◆ What you need to do
Look below for the line that contains "Tag : Có Size", and write out exactly that line and all remaining lines of the listing, omitting pictures.

◆ Supplied data
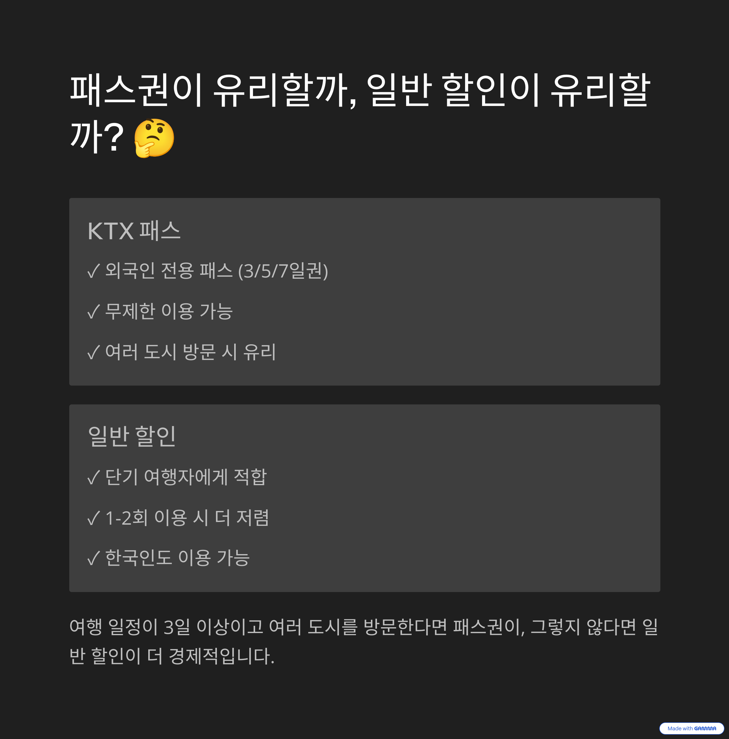 - 여행 목적이라면: 코레일패스 추천 (내국인용은 '하나로패스')
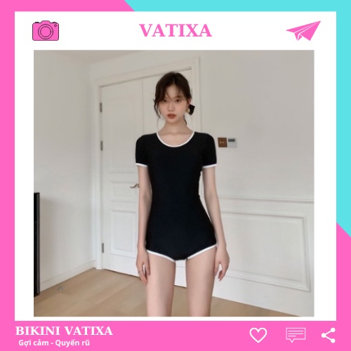Tag : Có Size M L XL Đồ bơi nữ Bikini 1 mảnh cài khoá sau khoét lưng màu đen viền trắng VATIXA
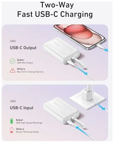 Recharge Ultra-Rapide 30 W – Grâce à la technologie de pointe d’Anker, cette batterie externe offre une puissance de recharge rapide allant jusqu’à 30 W, capable de propulser un iPhone 15 de 0 à 57 % en seulement 30 minutes. Que vous soyez en déplacement ou en voyage, cette fonctionnalité garantit que vos appareils seront rechargés rapidement, vous permettant de rester connecté en toutes circonstances.
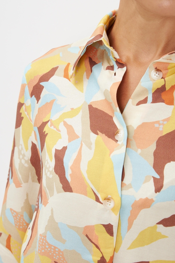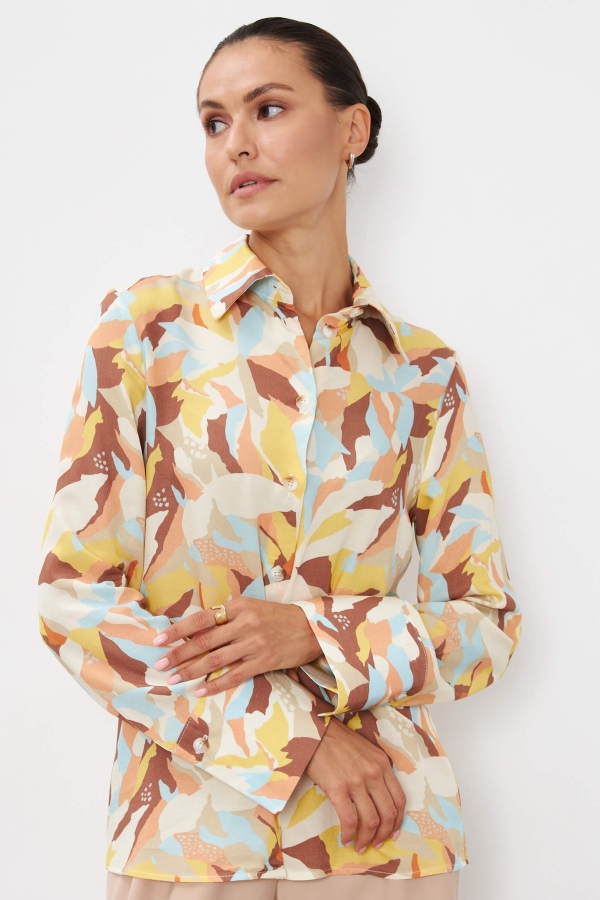 Элегантная блуза-рубашка из принтованной вискозы. Модель прямого силуэта. Воротник рубашечный. Длинный рукав на широкой манжете. Застёжка на петли и пуговицы. В комплекте пояс-галстук.

◆ Task output
Tag : Có Size M L XL Đồ bơi nữ Bikini 1 mảnh cài khoá sau khoét lưng màu đen viền trắng VATIXA
 Recharge Ultra-Rapide 30 W – Grâce à la technologie de pointe d’Anker, cette batterie externe offre une puissance de recharge rapide allant jusqu’à 30 W, capable de propulser un iPhone 15 de 0 à 57 % en seulement 30 minutes. Que vous soyez en déplacement ou en voyage, cette fonctionnalité garantit que vos appareils seront rechargés rapidement, vous permettant de rester connecté en toutes circonstances.
 Элегантная блуза-рубашка из принтованной вискозы. Модель прямого силуэта. Воротник рубашечный. Длинный рукав на широкой манжете. Застёжка на петли и пуговицы. В комплекте пояс-галстук.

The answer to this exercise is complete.